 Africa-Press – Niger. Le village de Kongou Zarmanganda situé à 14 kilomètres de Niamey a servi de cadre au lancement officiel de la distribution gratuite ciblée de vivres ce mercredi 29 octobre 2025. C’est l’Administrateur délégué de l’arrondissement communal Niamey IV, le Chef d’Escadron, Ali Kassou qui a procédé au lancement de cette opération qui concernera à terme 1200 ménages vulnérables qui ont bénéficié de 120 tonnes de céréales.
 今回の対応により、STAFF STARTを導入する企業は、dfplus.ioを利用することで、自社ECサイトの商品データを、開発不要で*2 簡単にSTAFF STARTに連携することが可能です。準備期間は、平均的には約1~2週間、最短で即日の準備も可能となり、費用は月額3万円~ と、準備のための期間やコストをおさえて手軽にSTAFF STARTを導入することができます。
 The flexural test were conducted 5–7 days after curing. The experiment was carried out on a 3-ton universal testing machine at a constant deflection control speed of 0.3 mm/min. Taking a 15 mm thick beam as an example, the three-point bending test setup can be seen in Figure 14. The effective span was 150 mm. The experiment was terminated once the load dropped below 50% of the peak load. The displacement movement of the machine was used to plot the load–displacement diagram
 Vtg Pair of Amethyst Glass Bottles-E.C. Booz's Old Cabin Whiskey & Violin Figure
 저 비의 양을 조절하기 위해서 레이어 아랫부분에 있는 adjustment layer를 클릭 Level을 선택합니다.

◆ ◆ ◆ ◆ ◆ ◆ ◆

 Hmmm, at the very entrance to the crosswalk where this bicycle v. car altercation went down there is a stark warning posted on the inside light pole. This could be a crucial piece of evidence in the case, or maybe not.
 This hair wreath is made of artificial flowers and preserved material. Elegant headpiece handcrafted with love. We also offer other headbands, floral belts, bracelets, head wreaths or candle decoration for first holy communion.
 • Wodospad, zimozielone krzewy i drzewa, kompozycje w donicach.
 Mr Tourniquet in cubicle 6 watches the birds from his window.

◆ ◆ ◆ ◆ ◆ ◆ ◆

ASSIGNMENT: Say how many lines of the material above contain the string "Figure". Write nothing but the number.

ANSWER TO THIS TASK: 2